At home in Salzburg and around the world for over 70 years: CAMERATA has shaped the city of music with its own concert series and as a regular ensemble at the Salzburg Festival and Mozart Week.
As its cultural ambassador, it is also a regular guest at major international concert venues such as the Vienna Konzerthaus, the Philharmonie de Paris, the Elbphilharmonie Hamburg, the Concertgebouw Amsterdam and the Shanghai Concert Hall. Musicians from more than 20 nations form the orchestra’s sound that is particularly representative of Viennese classical music, in particular the music of its hometown’s famous son, Wolfgang Amadeus Mozart. The orchestra also discovers the works of the Romantic period in the form of new chamber orchestral transparency and spans the repertoire from the Baroque to the modern era.
In 1952, the Viennese conductor and musicologist Bernhard Paumgartner, who worked in Salzburg, founded the Camerata Academica as an ensemble of teachers and students of the Mozarteum with his vision of creating an ideal sound through the personal responsibility of each individual musician in the highest sense of the community. From the very beginning, the CAMERATA under Paumgartner, known as a Mozart specialist, was primarily committed to the work of the Salzburg composer. Notable tours as well as recordings such as the complete Mozart piano concertos with Géza Anda as soloist in the 1960s and with Sir András Schiff in the 1980s anchored the orchestra on the international music market.
Sándor Végh had the greatest influence on the development of CAMERATA as chief conductor from 1978 to 1997. With him on the podium, Mozart’s opera repertoire as well as works by Haydn, Beethoven and Schubert became increasingly important. His credo of approaching each piece as if it were chamber music played by a string quartet (a continuation of Paumgartner’s idea) still characterizes the sound and playing style of CAMERATA today. Invitations to the Salzburg Festival as an opera orchestra allowed the orchestra to grow further. Sándor Végh was followed by Sir Roger Norrington, Leonidas Kavakos and Louis Langrée.
In 2016, the orchestra decided to take the leadership into its own hands as a logical consequence of its chamber orchestral tradition. Under the artistic direction of the “primi inter pares”, CAMERATA has since performed under its own leadership and with a democratic self-image with its concertmasters Gregory Ahss and Giovanni Guzzo and, depending on the repertoire, in collaboration with guest conductors. Examples of these include Sir John Eliot Gardiner, Philippe Herreweghe, Manfred Honeck, François Leleux and Finnegan Downie-Dear. CAMERATA has an in-depth collaboration with its artistic partners, the French pianist Hélène Grimaud and the Dutch violinist Janine Jansen.
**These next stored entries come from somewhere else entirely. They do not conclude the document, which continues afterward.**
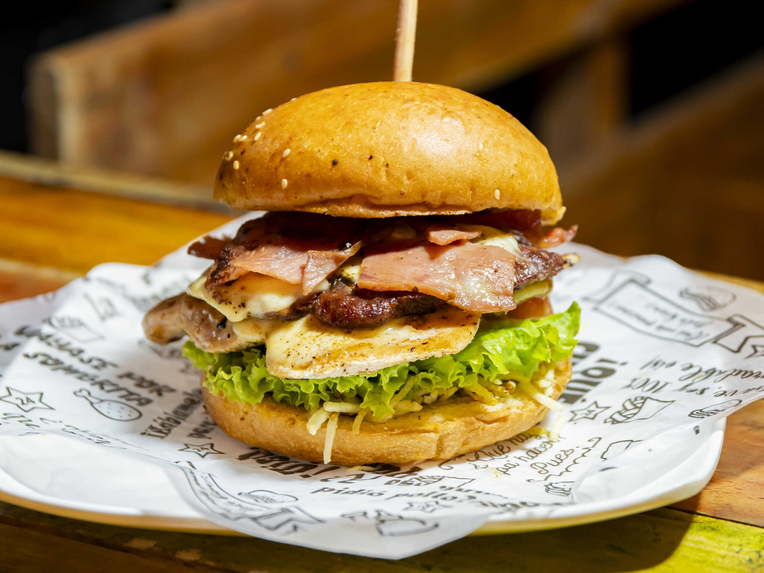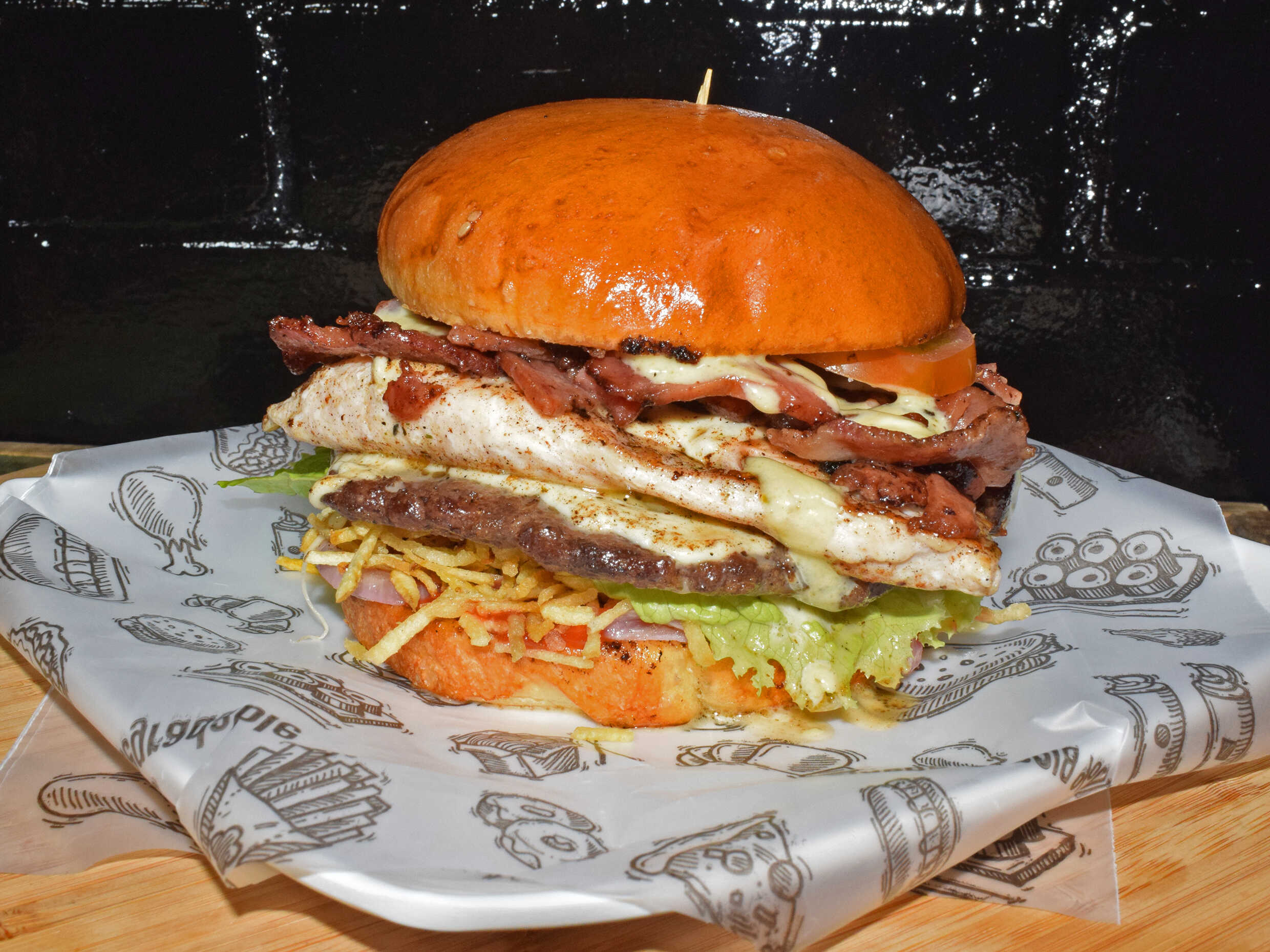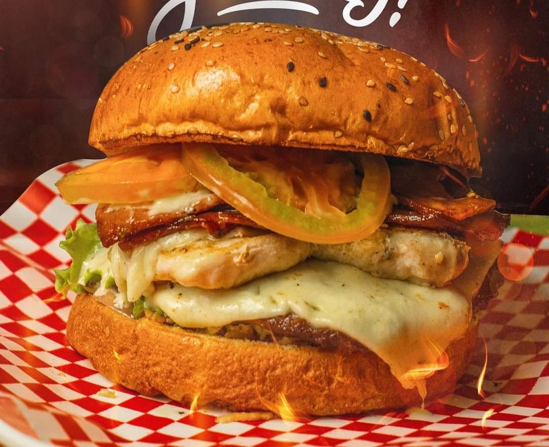 Pan brioche, filete de pollo, carne burguer, queso tocineta, lechuga, tomate, salsa de la casa, salsa de tomate, cebolla, mostaza y ripio.
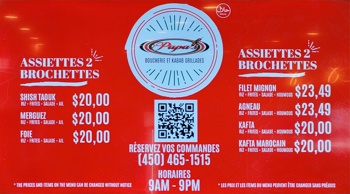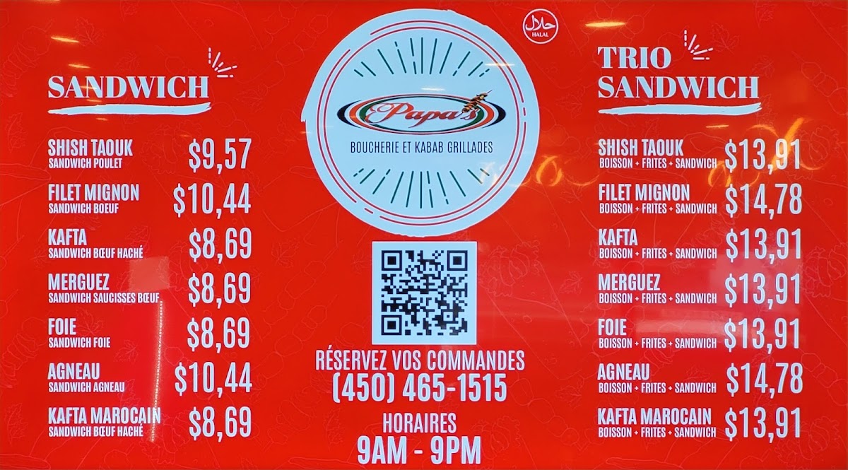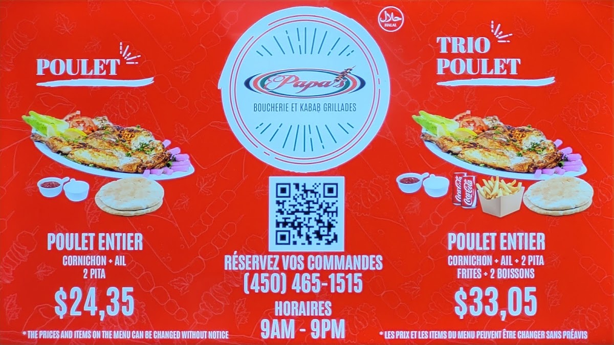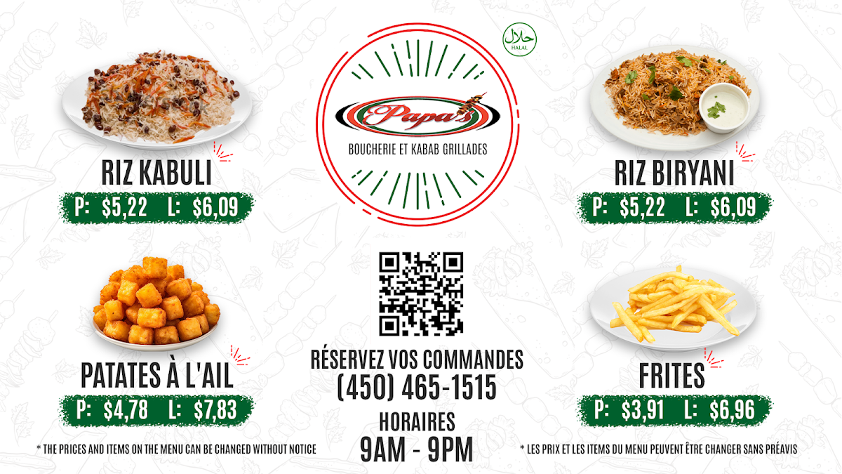 The menu at Papa's Boucherie Et Kabab Grillades offers a variety of grilled meats and traditional Middle Eastern dishes, suitable for casual dining and takeaway. It features a combination of restaurant and butcher shop selections, providing both prepared meals and options to purchase meats.
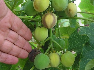 ジャトロファの実 Fruits of jatropha. They grow to the size of a plum in 30 to 40 days after blooming. 開花から30〜40日で、梅の実ほどの大きさになりました。 |
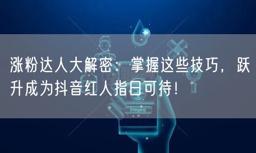 通过掌握这些技巧,你将有机会成为抖音红人。不断实践、调整策略,并持续改进,你将逐渐积累影响力,吸引更多粉丝关注。跃升成为涨粉达人,指日可待!
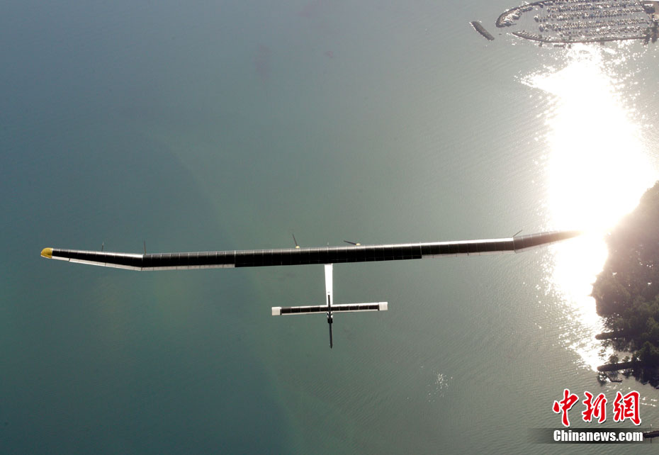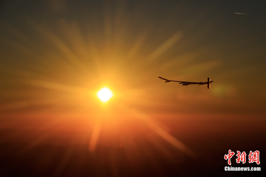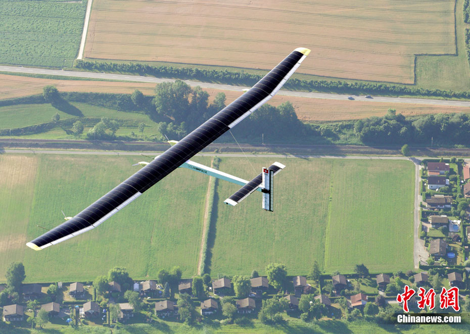 7月8日,太陽能飛機“太陽驅動”在空中飛行。世界最大太陽能飛機——瑞士制造的“太陽驅動”飛行26小時后,于當地時間8日9時在瑞士帕耶那機場降落,成功完成首次晝夜試飛。這是世界上首次進行太陽能飛機的夜間試飛。
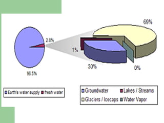 The document discusses water conservation and provides information about the water cycle, water pollution, health impacts of unsafe water, and ways to save water. It emphasizes that only a small percentage of water is available for human use and stresses the importance of conserving this precious resource through methods like rainwater harvesting, reducing water usage, and proper sanitation. Schools are encouraged to form committees to maintain clean drinking water and toilets and promote water conservation awareness.
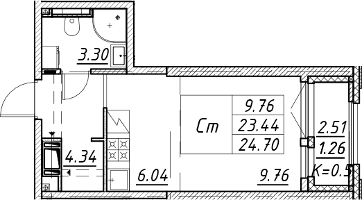- S общая: 23.44 м2
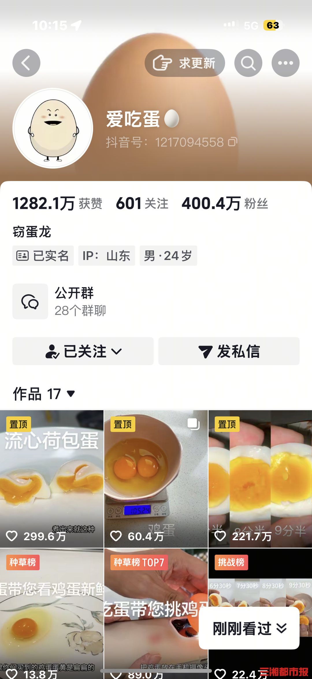 12月4日,冯昌绪发布了第一条煮蛋相关视频,短短一周他发布的15条视频共收获了超千万的点赞。“完全没料到会这么火,最开始涨粉快的时候,心里特别慌。”回忆起流量爆发的最初几天,冯昌绪坦言意外。
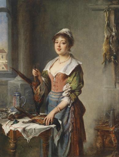 | Keywords: Hermann Kern Wildbrethändlerin.jpg Wildbrethändlerin Kern H signature oil canvas 70 5 × 42 cm http //www dorotheum com by 1940 creator Hermann Kern PD-old-100 Images from Dorotheum Phasianidae in art Hermann Kern Paintings of women standing in kitchens Dead hares in art Dead birds in art Upside down Paintings of women with birds People wearing bracelets Standing females in art Females in rooms in art Females looking at viewer in art People and walls in art | ||||
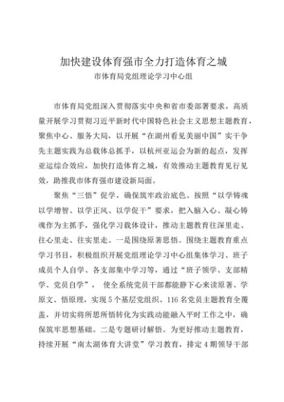/ 党组学习:20231230加快建设体育强市全力打造体育之城——市体育局党组理论学习中心组
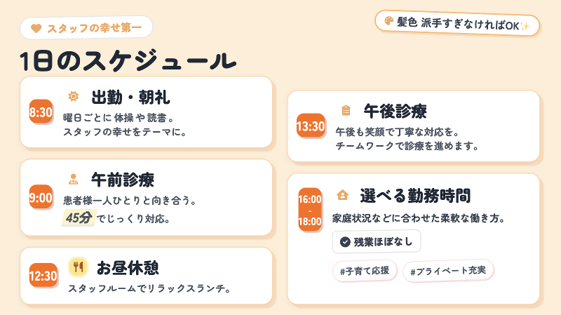 有休100%・残業ほぼなし!安心して長く働ける歯科医院です
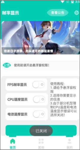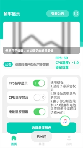 安装好软件后,先给App悬浮框权限。接下来可以根据需要查看的数据开启功能。如果觉得悬浮框颜色不够明显也可调节设置。由于部分机型限制CPU温度和电池温度显示错误可选择关闭。设置成功后即可进入游戏体验,在游戏过程中还可锁定悬浮窗位置避免影响游戏操作。

In the 2024/25 season, CAMERATA will also be working with artists such as Lisa Batiashvili, Mao Fujita, Sheku Kanneh-Mason, Fazıl Say, Dorothee Oberlinger and Richard Galliano.
CAMERATA pays particular attention to the development of young talent and carries out intensive music education work with CAMERATA Young. Inclusive projects such as “Papageno goes to school” and concerts for young and old bring the fascination of classical music to all sections of the population. CAMERATA also incorporates music education projects into its tours wherever possible.